Eventually the signal became so strong and widespread that we couldn’t get away from the phones. People are talking on them during a presentation, movie, dinner out, everywhere. We still hear the occasional, “Hello?  Hello?  Can you hear me?” This is usually said at a volume loud enough to wake the dead.

This fact of a strong signal came full circle for me when I started to realize, a few years back that there is no place I could go where I couldn’t get away from my cell phone. Everywhere had service. We drove last year from Las Vegas, Nevada to Wolf Creek, Utah and had an uninterrupted signal the entire drive. (Except driving passed Area 51, which didn’t officially exist until recently, so that doesn’t count).
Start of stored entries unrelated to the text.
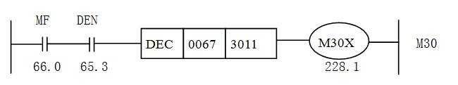 下面舉一個使用DEC指令的例子,這是M30的譯碼程序,M功能的兩位BCD碼信號地址是0067,圖2是M30的譯碼梯形圖,表1是圖2的編碼表。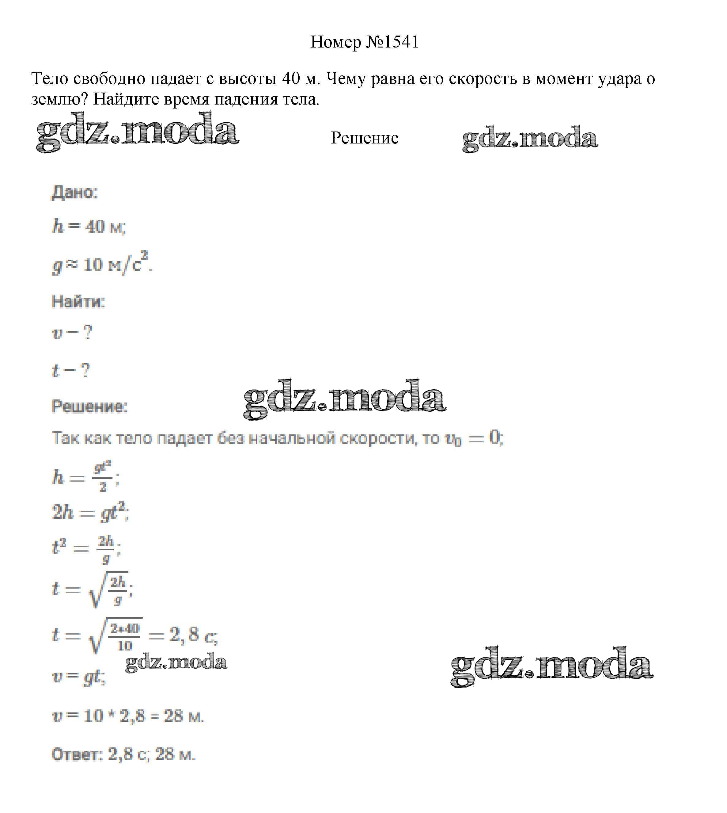 ОТВЕТ на задание № 1541 Сборник вопросов и задач по Физике 7-9 класс Марон Вертикаль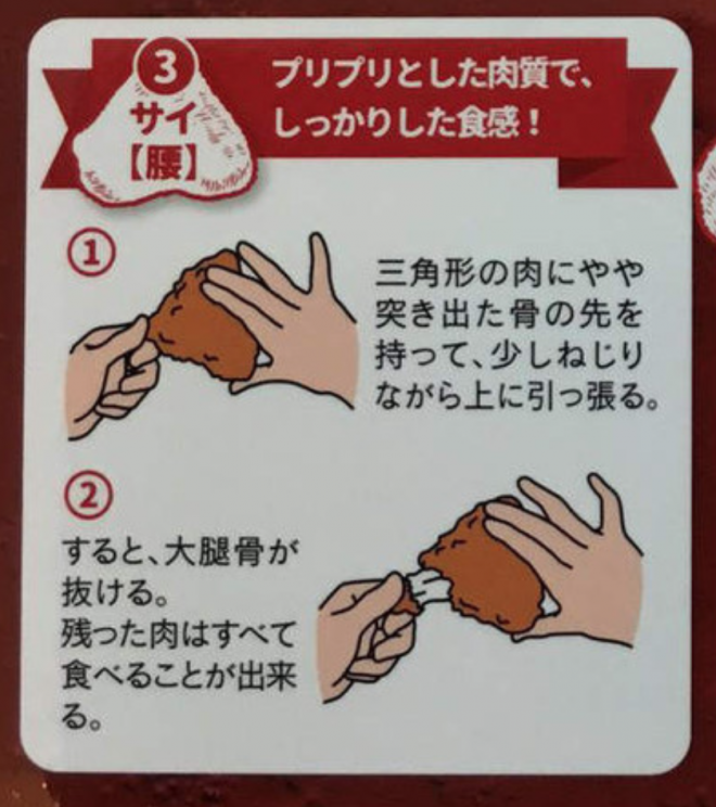 先從根部(靠近雞胸)開始吃。把翅膀往外折成一半,然後把前端骨頭抽出來,這樣就可以大口吃雞翅肉了。

I remember years ago driving over the Sierra Nevada Mountain range from the east side to Yosemite Valley. On that drive I witnessed and experienced what has become one of the highlights of my life. I looked down to my phone and read the most beautiful words “No Service.” It felt good to know that there were still places within the United States where one could escape the rat race and unplug from society. Now that we are living in Hawaii we see those words more often. They used to be annoying. Now they are the sweet lullaby of a peaceful, uninterrupted day… or maybe even longer.

So my challenge to you, as you read this, is this: Go forth and find a space in your world where you can see those blessed words “No Service.” Be not afraid as you venture there. It may be an unfamiliar space, but it is a safe space. It is between the breathes that we find ourselves.